I am using spark-phoenix integration to load data from a dataframe into a Phoenix table. Unfortunately this is ridiculously slow - pushing 23 rows of 25 columns each takes 7-8 seconds. This is with two executors, meaning it's actually twice as slow. This makes it unusable in my case, since it is planned to use in a streaming application - the number of records dropped in a 15 second window take up to a minute to load.
When I look at the Spark History Server, I see two really strange things:
Does anybody have experience with how I could improve these loading speeds? Ideally I want to keep using Phoenix in some way, since we have secondary indexes on the table.
Hello by Spark-Phoenix integration do you mean phonenix spark?

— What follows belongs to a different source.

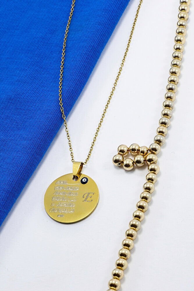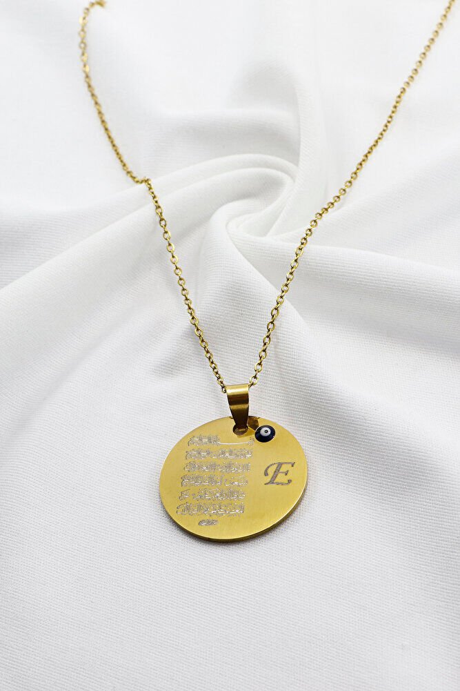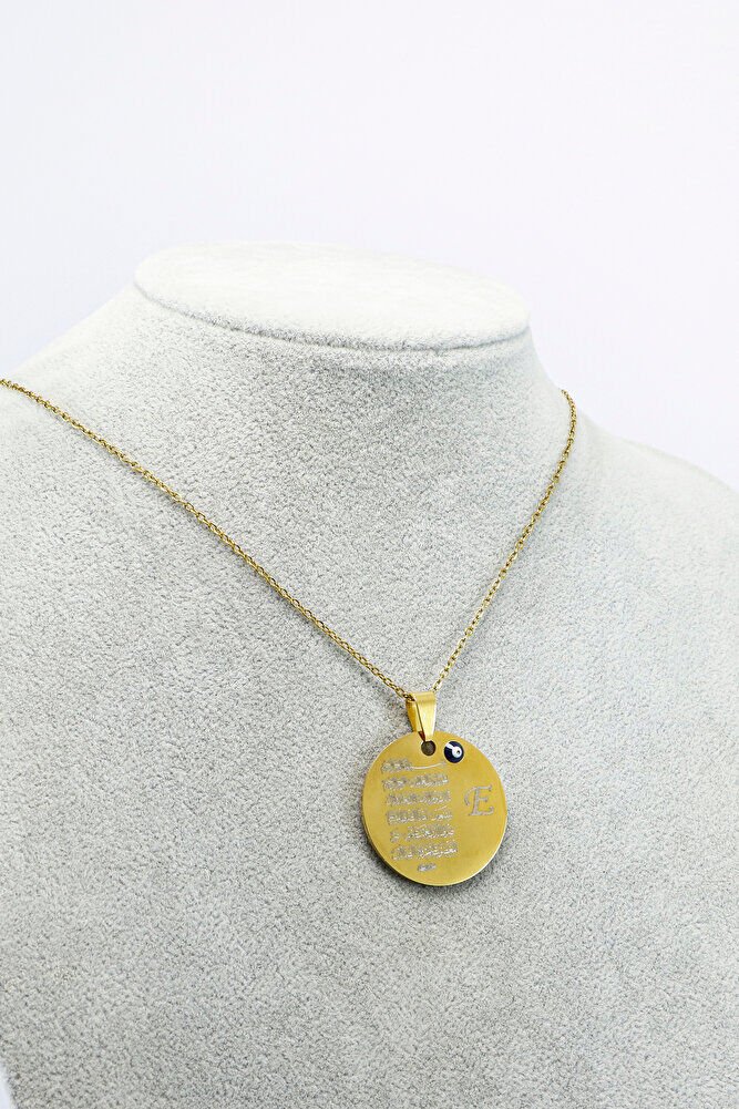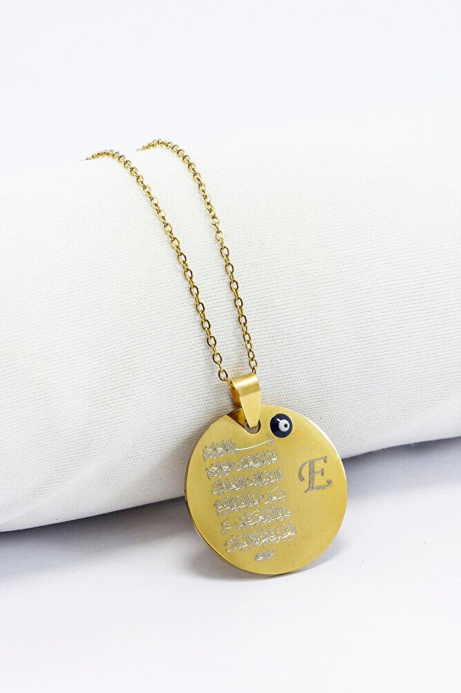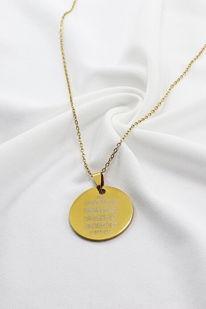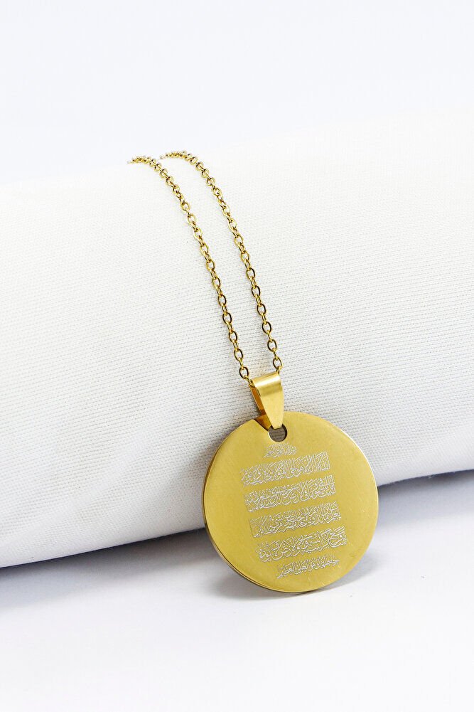 Gold 316L Kişiselleştirilebilir Çelik Kolye Lazer Kazıma Önde Fatiha Arkada Ayet'el Kürsi 3cm

From my experience with phoenix spark it should not be this slow. What version are you using?
For the number of tasks - are you loading into phoenix table with salt bucket = 200?
Hi. Yes, that is what I mean. I am using Spark 1.6.2 and Phoenix 4.7. The Phoenix table has no salt buckets, and only 1 region.
this is strange - could it be that your dataframe (I supposed you are using dataframe?) is a product of some repartition / shuffle op. somewhere up the DAG?
As I understand you're correct, the number of partitions should match the number of regions. However I discovered that my dataframe was defaulting to 200 partitions, even though it comes from an RDD with only 1 partition. When I coalesce into fewer partitions it doesn't significantly improve performance.